Friday, January 19, 2018

Water Woes, or an Idiot Tries Plumbing Part 2


Water Woes, or, an Idiot Tries Plumbing

In a previous post about frozen pipes, I said that I had dodged a bullet at the house and was nicked by a bullet at the cabin. Wrong. Now, as Paul Harvey says, the rest of the story:

Cabin --

Due to a previous plumbing problem a couple of years ago, I has forced to cut loose from the water lines in the concrete slab and run a PIX line (that is NEVER supposed to freeze and burst) through the attic and into the bathrooms. The PIX line attaches to a PVC pipe coming from the ground with a brass "el" fitting and goes through the outer wall and into the cabinet under the sink. A "T" connection from there carries lines other places. The outside PVC was insulated, but the insulation did not seal well against the weatherboarding of the outside wall, and that is where the line burst and froze.

PIX is not glued like PVC: the connections are mechanical, not glue. "This will be easy," I thought: "just disconnect the line from the 'T' connection under the sink and from the 'el' outside, pull it out of the wall and install a new piece of pipe".

Wrong.

I went to the local building supply store (not a "big box") where employees can actually give advice. And got the necessary tools and parts for the repair job. Using the "disconnect tool" I disconnected the damaged line from both the inside and outside connections, and proceeded to pull it from the wall. It moved about an inch and caught on something. I told my wife, who was inside the cabin, to push from her end. She did, and nothing happened. "Push harder," I yelled. She yelled back, "I am sitting on the floor and pushing as hard as I can with my foot!"

Hum.

I am a member of the "If-it-won't-budge-hit-it-with-a-bigger-hemmed-or-spray-on-more-WD-40-club, so I clamped a pair of "Vice-Grip" pliers onto my end, sat on the ground, braced both feet against the wall, yelled a weight-lifters grunt and pulled with all my might -- and the pipe emerged from the wall. "I got it," I yelled! No, you didn't, Paula replied, It is still on the inside and I am pushing against it."

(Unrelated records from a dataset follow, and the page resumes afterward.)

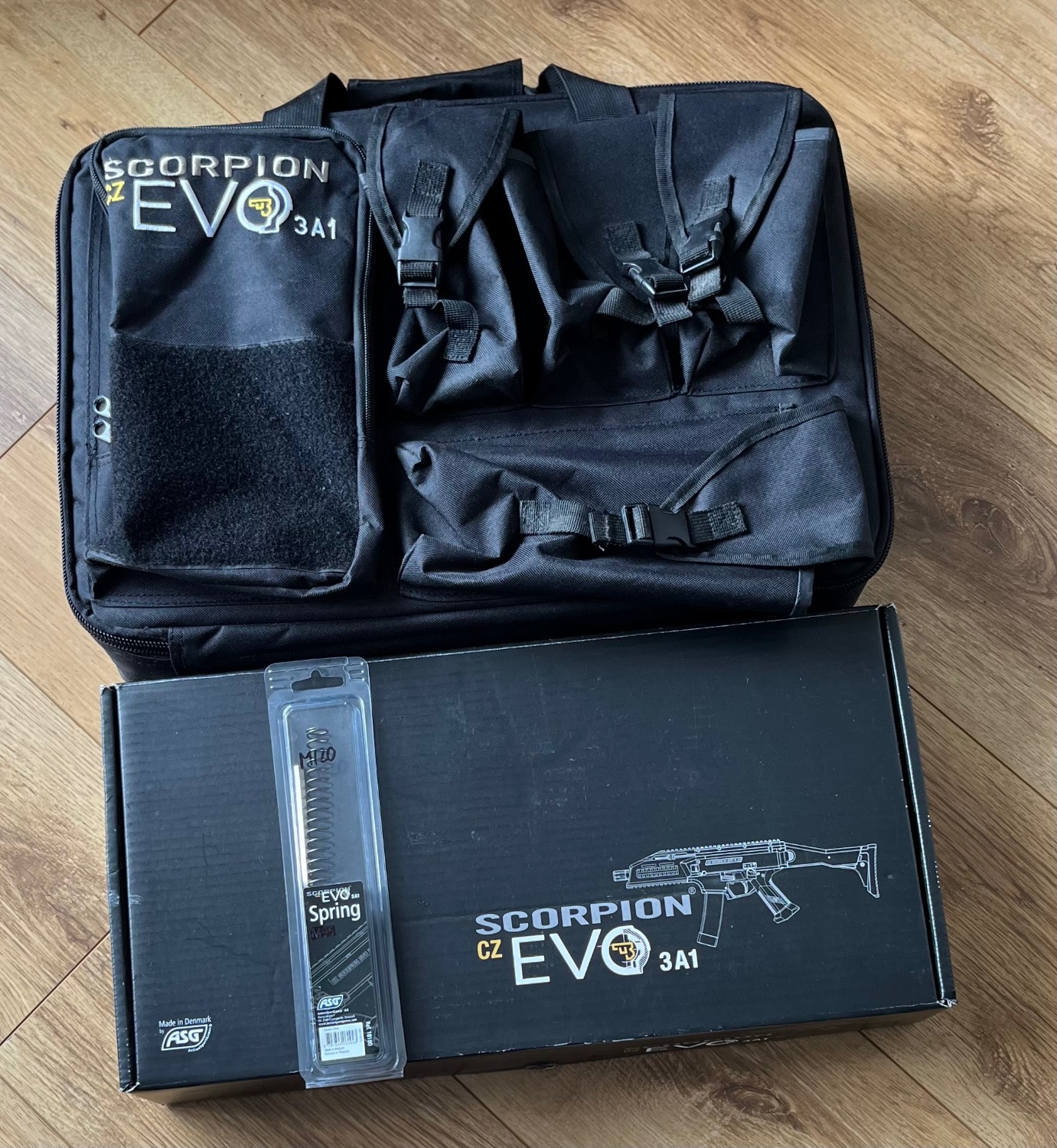 .ASG CZ Scorpion EVO 3 A1 - 2020 Model with deans connector with one genuine ASG Mag RRP £335 less 40% = £201 - with original and upgraded 120 spring(foc) - apart from the spring it’s stock.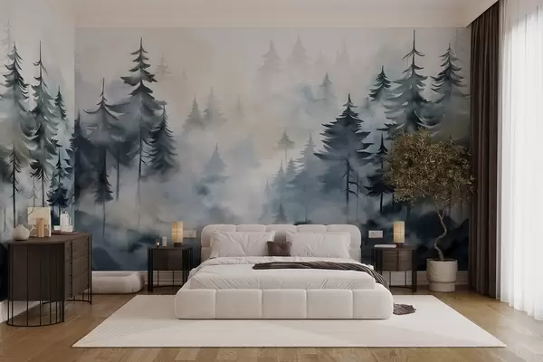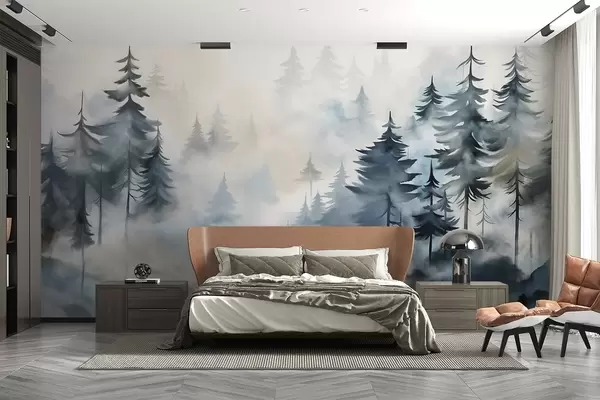 Fotomurales Un paisaje de bosque brumoso con altos pinos en el fondo de niebla en estilo acuarela Nr. w08584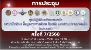 ร่วมประชุมศูนย์ปฏิบัติการติดตามเร่งรัดการบำบัดรักษา ฟื้นฟูสภาพทางสังคม ป้องกันและปราบปรามยาเสพติด (ศปก.ครส.) ครั้งที่ 7/2568 ผ่านสื่ออิเล็กทรอนิกส์ระบบ Cisco Webex Meetings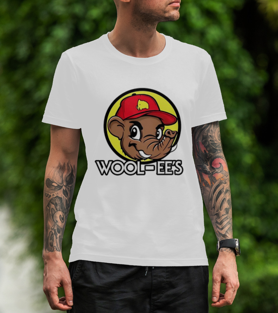 Wool-Ee’s Woolly Mammoth Cartoon Character In Red Cap With Yellow Background T-Shirt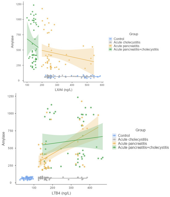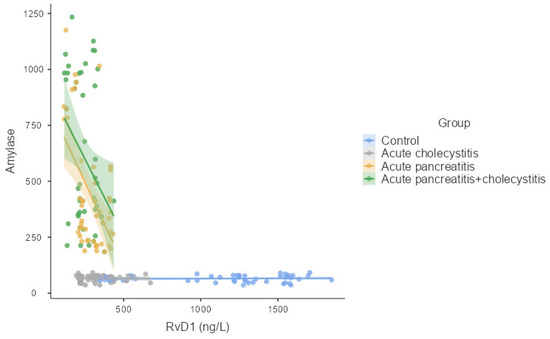 Correlation of RvD1, LTA4, and LXB4 with amylase.

"Darn" (or something like that.)

I looked into the hole and saw a brass ring that was slightly larger than the hole. It looked like a mechanical connector. Someone, it appeared to me, had spliced the line INSIDE the wall. Why would they do that? I had pulled so hard that I had pulled my end of the pipe from the connector.

I chucked a drill bit slightly larger than the hole into my drill and enlarged the hole. The brass fitting was still hung up. I enlarged the hole: same problem. I enlarged it again, and again, until I could get my entire hand into the wall -- and found the problem: Not only was there a junction of pipes under the sink, there was one INSIDE the wall, and I was pulling against a "T" connector. I was going to have to remove weatherboarding from the wall in order to get at the connection.

Dark was approaching, so I did the only sensible thing -- what I should have done to begin with: I called the man who installed it. I explained that it was a cabin, I knew he had to serve people whose houses were without water; I had a place to live with running water, so I could wait -- I thought, wrongly.